* **Task data**:
· · · · · · ·

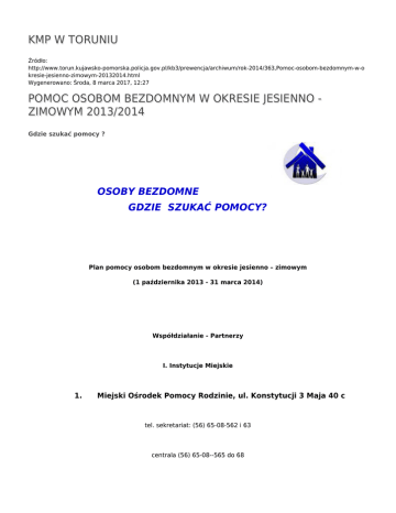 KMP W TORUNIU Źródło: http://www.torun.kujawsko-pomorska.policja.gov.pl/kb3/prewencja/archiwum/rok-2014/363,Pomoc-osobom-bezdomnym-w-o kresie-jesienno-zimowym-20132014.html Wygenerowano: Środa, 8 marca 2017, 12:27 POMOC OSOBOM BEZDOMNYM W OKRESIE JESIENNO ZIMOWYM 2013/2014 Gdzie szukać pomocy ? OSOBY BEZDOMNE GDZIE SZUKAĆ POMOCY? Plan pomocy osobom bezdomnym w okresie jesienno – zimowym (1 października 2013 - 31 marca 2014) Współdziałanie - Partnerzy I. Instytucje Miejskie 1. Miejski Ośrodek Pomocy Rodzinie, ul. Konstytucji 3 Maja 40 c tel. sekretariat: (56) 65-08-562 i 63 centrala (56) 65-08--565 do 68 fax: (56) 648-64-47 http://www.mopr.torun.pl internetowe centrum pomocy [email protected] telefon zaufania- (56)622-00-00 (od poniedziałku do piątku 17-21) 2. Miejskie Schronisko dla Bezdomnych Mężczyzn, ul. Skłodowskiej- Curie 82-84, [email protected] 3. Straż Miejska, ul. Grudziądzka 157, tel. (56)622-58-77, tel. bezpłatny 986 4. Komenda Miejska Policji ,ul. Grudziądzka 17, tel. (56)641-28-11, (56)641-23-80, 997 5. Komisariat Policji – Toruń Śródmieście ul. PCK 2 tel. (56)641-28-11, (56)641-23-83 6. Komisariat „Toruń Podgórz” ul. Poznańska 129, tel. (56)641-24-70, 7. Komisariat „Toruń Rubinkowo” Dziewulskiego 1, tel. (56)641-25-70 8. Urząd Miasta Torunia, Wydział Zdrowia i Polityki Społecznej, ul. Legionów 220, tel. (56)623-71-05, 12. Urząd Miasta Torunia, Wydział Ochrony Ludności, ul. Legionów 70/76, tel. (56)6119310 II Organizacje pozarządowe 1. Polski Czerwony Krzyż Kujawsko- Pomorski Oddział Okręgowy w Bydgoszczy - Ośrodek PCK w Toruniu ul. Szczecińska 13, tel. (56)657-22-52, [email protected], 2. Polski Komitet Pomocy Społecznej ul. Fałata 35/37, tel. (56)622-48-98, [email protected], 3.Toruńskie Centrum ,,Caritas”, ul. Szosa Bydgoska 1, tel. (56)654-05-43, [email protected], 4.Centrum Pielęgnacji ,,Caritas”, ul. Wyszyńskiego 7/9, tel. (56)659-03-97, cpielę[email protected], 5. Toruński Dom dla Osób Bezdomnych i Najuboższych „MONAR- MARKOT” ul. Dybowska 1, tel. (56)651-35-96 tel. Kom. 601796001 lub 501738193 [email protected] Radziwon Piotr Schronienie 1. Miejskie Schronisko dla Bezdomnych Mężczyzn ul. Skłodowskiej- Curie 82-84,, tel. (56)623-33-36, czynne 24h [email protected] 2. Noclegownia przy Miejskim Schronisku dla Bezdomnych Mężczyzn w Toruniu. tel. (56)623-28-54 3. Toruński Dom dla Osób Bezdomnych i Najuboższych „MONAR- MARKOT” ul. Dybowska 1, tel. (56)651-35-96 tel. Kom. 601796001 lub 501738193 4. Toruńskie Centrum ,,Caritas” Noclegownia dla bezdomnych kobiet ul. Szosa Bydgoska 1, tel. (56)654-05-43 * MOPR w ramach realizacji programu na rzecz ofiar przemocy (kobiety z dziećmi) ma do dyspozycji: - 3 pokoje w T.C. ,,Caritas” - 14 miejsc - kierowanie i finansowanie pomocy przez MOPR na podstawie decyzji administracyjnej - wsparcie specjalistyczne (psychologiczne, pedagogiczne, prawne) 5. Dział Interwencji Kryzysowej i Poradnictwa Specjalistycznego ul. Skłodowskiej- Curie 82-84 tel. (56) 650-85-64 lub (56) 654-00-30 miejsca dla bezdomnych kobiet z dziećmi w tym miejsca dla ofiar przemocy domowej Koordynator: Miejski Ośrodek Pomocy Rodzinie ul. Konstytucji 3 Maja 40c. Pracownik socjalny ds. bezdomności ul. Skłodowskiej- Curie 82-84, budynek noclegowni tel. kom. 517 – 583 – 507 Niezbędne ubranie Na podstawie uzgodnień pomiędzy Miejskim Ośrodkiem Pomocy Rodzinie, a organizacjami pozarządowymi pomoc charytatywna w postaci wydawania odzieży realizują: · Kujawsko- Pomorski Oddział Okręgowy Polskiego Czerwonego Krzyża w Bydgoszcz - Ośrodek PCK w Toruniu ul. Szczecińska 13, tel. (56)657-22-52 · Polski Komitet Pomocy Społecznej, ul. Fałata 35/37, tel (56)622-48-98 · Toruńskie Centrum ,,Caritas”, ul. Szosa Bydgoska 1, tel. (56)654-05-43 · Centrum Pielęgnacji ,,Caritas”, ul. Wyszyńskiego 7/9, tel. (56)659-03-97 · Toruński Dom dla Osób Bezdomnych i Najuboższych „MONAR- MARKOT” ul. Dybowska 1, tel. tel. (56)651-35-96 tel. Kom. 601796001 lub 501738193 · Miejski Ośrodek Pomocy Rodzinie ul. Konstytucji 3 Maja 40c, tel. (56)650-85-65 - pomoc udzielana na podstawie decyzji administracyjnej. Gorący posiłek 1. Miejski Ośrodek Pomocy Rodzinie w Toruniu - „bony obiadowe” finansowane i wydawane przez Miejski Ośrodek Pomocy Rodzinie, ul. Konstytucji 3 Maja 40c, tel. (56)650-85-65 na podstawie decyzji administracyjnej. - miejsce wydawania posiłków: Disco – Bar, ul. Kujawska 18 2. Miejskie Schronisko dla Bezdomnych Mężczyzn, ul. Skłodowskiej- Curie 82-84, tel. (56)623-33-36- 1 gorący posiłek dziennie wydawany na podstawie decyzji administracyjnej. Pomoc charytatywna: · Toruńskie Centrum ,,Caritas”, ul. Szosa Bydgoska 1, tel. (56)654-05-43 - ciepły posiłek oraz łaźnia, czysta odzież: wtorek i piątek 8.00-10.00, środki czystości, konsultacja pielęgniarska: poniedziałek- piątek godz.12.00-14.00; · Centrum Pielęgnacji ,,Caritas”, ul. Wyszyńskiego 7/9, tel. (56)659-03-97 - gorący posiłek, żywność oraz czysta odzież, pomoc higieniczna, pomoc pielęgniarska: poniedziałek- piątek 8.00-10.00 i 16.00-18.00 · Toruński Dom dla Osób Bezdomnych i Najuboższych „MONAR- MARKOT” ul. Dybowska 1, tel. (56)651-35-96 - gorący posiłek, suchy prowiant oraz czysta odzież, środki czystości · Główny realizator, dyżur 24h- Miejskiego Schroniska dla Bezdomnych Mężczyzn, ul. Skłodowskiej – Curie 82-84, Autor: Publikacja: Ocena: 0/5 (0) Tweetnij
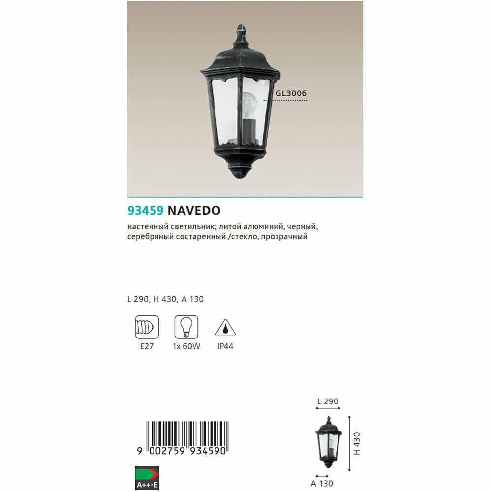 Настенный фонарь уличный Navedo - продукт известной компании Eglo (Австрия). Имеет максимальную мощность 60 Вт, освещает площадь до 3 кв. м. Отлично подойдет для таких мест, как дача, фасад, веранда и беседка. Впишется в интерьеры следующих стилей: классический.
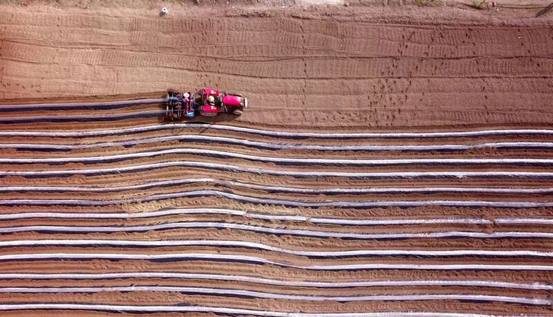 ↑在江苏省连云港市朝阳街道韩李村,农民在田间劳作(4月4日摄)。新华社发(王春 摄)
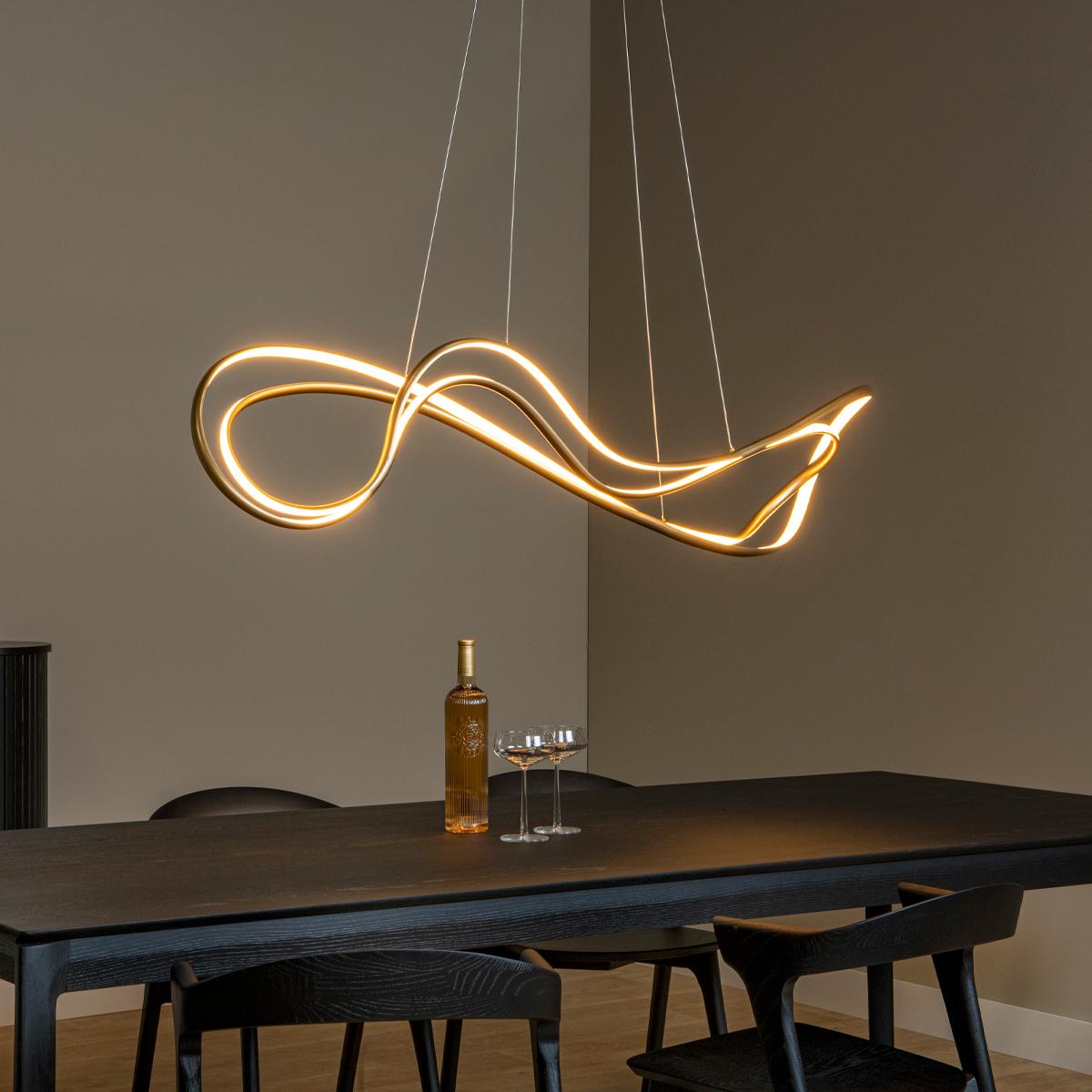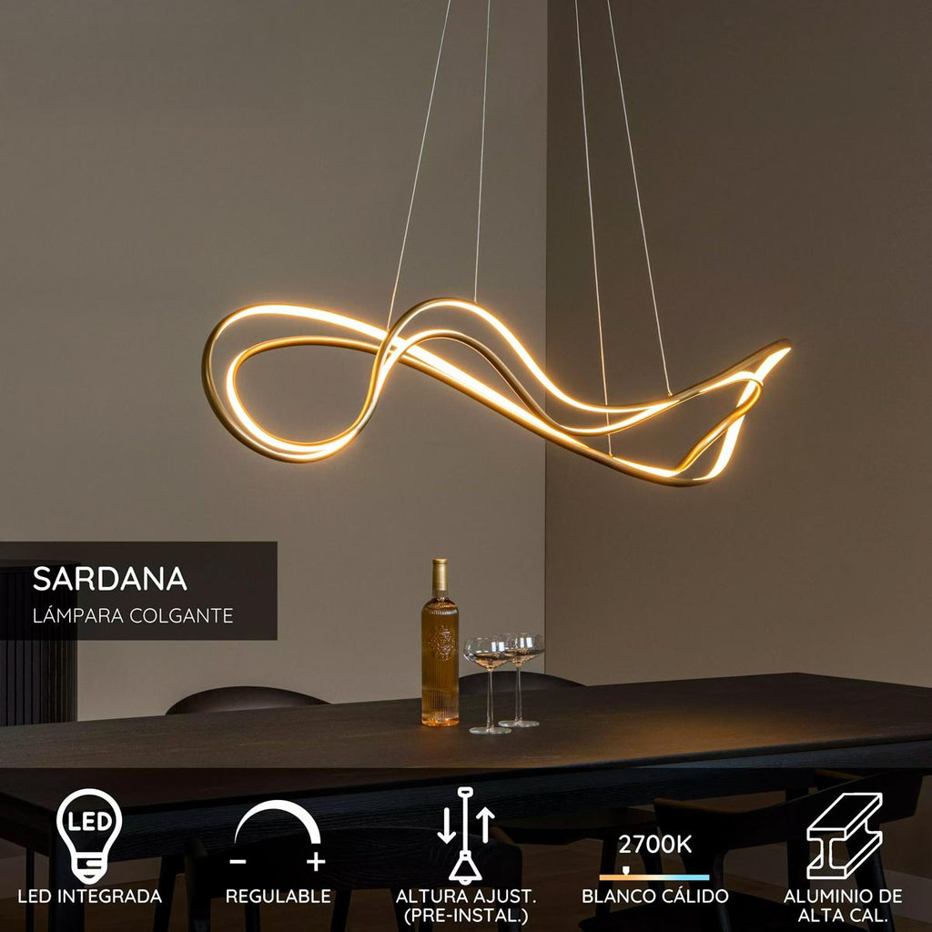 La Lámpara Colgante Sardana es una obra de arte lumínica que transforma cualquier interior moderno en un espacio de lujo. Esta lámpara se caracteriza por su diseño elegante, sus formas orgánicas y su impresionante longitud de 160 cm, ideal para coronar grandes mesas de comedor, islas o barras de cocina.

· · · · · · ·

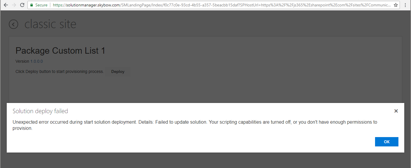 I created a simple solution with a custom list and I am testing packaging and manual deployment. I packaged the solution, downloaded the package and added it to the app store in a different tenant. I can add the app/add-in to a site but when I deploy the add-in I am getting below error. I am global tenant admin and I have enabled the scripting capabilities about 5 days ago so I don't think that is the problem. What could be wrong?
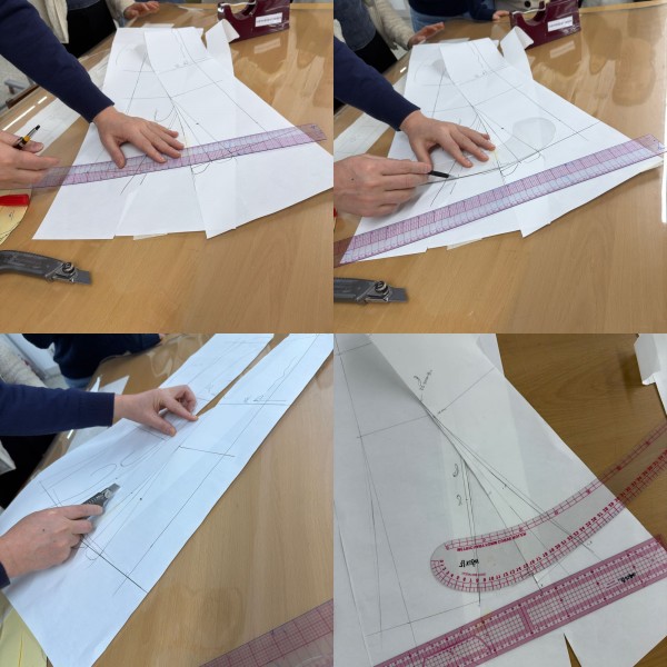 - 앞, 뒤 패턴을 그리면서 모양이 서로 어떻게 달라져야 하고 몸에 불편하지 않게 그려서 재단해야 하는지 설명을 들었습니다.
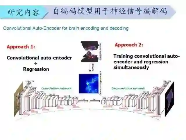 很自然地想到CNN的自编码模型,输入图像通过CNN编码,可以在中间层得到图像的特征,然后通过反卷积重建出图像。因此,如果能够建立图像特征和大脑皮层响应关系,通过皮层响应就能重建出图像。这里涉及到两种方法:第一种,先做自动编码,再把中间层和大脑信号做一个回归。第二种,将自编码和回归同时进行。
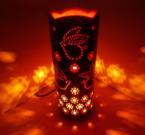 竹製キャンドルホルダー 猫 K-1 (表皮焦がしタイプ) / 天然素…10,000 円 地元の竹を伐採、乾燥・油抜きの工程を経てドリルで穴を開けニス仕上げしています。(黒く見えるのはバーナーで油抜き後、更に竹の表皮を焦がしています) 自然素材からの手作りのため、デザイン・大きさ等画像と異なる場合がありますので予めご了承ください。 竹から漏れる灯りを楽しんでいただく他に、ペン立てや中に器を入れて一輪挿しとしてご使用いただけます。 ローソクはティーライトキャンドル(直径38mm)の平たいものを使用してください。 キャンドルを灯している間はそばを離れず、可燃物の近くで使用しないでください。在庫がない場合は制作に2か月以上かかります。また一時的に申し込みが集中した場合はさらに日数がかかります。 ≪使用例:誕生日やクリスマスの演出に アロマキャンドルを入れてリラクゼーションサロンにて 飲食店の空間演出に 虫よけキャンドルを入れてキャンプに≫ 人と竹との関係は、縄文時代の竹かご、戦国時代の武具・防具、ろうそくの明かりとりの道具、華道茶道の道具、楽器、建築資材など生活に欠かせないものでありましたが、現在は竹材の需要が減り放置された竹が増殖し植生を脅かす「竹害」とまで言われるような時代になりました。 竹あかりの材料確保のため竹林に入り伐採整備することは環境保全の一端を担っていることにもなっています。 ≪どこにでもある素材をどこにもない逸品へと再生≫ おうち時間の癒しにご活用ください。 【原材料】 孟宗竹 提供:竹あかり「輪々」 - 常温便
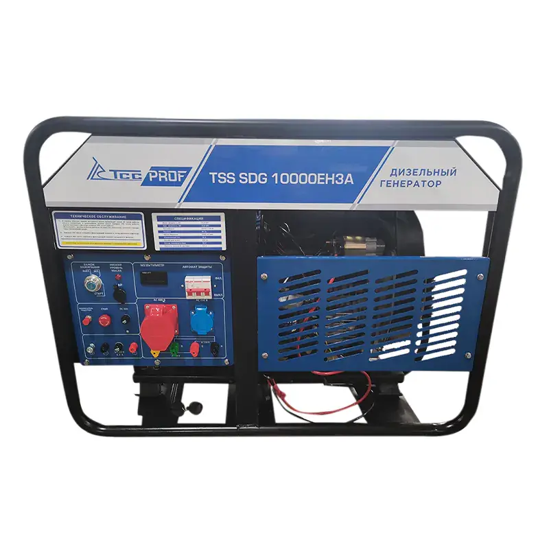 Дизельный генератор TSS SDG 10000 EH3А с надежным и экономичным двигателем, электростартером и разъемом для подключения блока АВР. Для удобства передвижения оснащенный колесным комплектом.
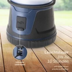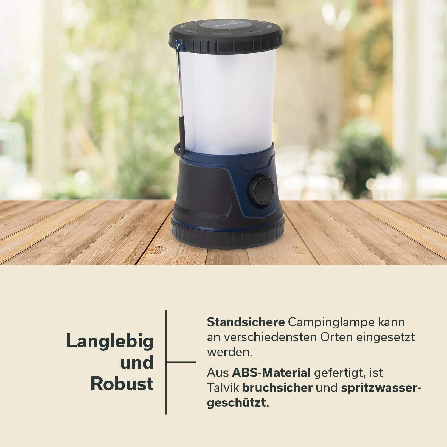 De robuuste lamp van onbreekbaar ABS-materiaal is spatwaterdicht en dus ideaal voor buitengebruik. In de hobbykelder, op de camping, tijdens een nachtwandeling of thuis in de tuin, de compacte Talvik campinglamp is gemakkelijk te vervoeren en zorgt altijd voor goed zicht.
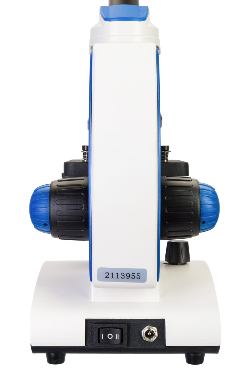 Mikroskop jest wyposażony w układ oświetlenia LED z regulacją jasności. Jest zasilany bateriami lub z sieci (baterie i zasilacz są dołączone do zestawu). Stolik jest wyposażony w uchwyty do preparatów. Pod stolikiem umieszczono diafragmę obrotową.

· · · · · · ·

* **Assigned task**: Everything from the line with "Дизельный генератор TSS" through the line with "Mikroskop jest wyposażony" in the material above should be transcribed exactly, except the pictures.

* **Finished task**:
 Дизельный генератор TSS SDG 10000 EH3А с надежным и экономичным двигателем, электростартером и разъемом для подключения блока АВР. Для удобства передвижения оснащенный колесным комплектом.
 De robuuste lamp van onbreekbaar ABS-materiaal is spatwaterdicht en dus ideaal voor buitengebruik. In de hobbykelder, op de camping, tijdens een nachtwandeling of thuis in de tuin, de compacte Talvik campinglamp is gemakkelijk te vervoeren en zorgt altijd voor goed zicht.
 Mikroskop jest wyposażony w układ oświetlenia LED z regulacją jasności. Jest zasilany bateriami lub z sieci (baterie i zasilacz są dołączone do zestawu). Stolik jest wyposażony w uchwyty do preparatów. Pod stolikiem umieszczono diafragmę obrotową.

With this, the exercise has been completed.